Examples of the compound having an oxetanyl group include 1,4-bis {[(3-ethyl-3-oxetanyl) methoxy] methyl} benzene (arone oxetane OXT-121 (XDO)), di [2- (3-oxetanyl) butyl. ] Ether (Aron oxetane OXT-221 (DOX)), 1,4-bis [(3-ethyloxetane-3-yl) methoxy] benzene (HQOX), 1,3-bis [(3-ethyloxetane-3- Yl) methoxy] benzene (RSOX), 1,2-bis [(3-ethyloxetane-3-yl) methoxy] benzene (CTOX), 4,4′-bis [(3-ethyloxetane-3-yl) methoxy ] Biphenyl (4,4'-BPOX), 2,2'-bis [(3-ethyl-3-oxetanyl) methoxy] biphenyl (2,2'-BPOX) ), 3,3 ′, 5,5′-tetramethyl [4,4′-bis (3-ethyloxetane-3-yl) methoxy] biphenyl (TM-BPOX), 2,7-bis [(3-ethyl Oxetane-3-yl) methoxy] naphthalene (2,7-NpDOX), 1,6-bis [(3-ethyloxetane-3-yl) methoxy] -2,2,3,3,4,4,5,5 5-octafluorohexane (OFH-DOX), 3 (4), 8 (9) -bis [(1-ethyl-3-oxetanyl) methoxymethyl] -tricyclo [5.2.1.0 ^2.6 ] decane, , 2-bis [2-{(1-ethyl-3-oxetanyl) methoxy} ethylthio] ethane, 4,4′-bis [(1-ethyl-3-oxetanyl) methyl] thiodibenzenethioether, 2,3- Bis [(3-ethyloxetane- -Yl) methoxymethyl] norbornane (NDMOX), 2-ethyl-2-[(3-ethyloxetane-3-yl) methoxymethyl] -1,3-O-bis [(1-ethyl-3-oxetanyl) methyl ] -Propane-1,3-diol (TMPTOX), 2,2-dimethyl-1,3-O-bis [(3-ethyloxetane-3-yl) methyl] -propane-1,3-diol (NPGOX) 2-butyl-2-ethyl-1,3-O-bis [(3-ethyloxetane-3-yl) methyl] -propane-1,3-diol, 1,4-O-bis [(3-ethyl Oxetane-3-yl) methyl] -butane-1,4-diol, 2,4,6-O-tris [(3-ethyloxetane-3-yl) methyl] cyanuric acid, bisphenol A and 3-ethyl-3 - Etherified product of romethyloxetane (abbreviated as OXC) (BisAOX), etherified product of bisphenol F and OXC (BisFOX), etherified product of phenol novolac and OXC (PNOX), etherified product of cresol novolac and OXC (CNOX), oxetanylsil Sesquioxane (OX-SQ), 3-ethyl-3-hydroxymethyloxetane silicon alkoxide (OX-SC) 3-ethyl-3- (2-ethylhexyloxymethyl) oxetane (Aron oxetane OXT-212 ( EHOX)), 3-ethyl-3- (dodecyloxymethyl) oxetane (OXR-12), 3-ethyl-3- (octadecyloxymethyl) oxetane (OXR-18), 3-ethyl-3- (phenoxy) Methyl) oxetane (Aron oxetane OXT-211 (POX)), 3-ethyl-3-hydroxymethyloxetane (OXA), 3- (cyclohexyloxy) methyl-3-ethyloxetane (CHOX) and the like. Here, the parentheses are product names or abbreviations of Toagosei Co., Ltd.

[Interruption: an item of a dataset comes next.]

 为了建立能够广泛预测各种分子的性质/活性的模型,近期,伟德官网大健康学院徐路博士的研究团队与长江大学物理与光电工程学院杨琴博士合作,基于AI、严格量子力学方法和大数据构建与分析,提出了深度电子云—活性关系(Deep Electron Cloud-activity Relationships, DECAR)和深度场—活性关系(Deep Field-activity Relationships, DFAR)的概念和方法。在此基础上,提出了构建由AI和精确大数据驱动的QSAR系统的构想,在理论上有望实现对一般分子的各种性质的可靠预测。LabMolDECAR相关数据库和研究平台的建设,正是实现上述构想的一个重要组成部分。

  The compound having a vinyl ether group is not particularly limited, but 2-hydroxyethyl vinyl ether, diethylene glycol monovinyl ether, 4-hydroxybutyl vinyl ether, diethylene glycol vinyl ether, triethylene glycol divinyl ether, cyclohexane dimethanol divinyl ether, cyclohexane dimethanol monovinyl ether, Examples thereof include tricyclodecane vinyl ether, cyclohexyl vinyl ether, methoxyethyl vinyl ether, ethoxyethyl vinyl ether, pentaerythritol type tetravinyl ether, and the like.

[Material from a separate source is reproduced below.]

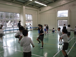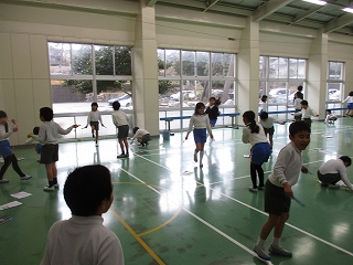 今年から発足の「なわとびクラブ」。みんなでなわとび技術を高めています。

  Among these, it is particularly preferable that the resin composition is obtained by curing a resin composition containing the alicyclic epoxy resin represented by the chemical formula (1) as a main component. This is because the linear expansion coefficient (αm) of the cured product to which the chemical formula (1) is applied is small, so that the linear expansion coefficient when combined with the fiber cloth can be reduced.

  In order to cure these resins and compounds, in the case of curing alone, they can be cured using a cationic catalyst or an anionic catalyst, and can also be cured using various curing agents. For example, in the case of an epoxy resin, it can be cured using an acid anhydride or an aliphatic amine.

  Examples of the cationic curing catalyst include those that release a substance that initiates cationic polymerization upon heating (for example, an onium salt cationic thermal cationic curing catalyst or an aluminum chelate cationic curing catalyst), and cationic polymerization using active energy rays. (For example, an onium salt-based cationic curing catalyst) that releases a substance that initiates the reaction. Among these, a thermal cationic curing catalyst is preferable. Thereby, the hardened | cured material which is more excellent in heat resistance can be obtained.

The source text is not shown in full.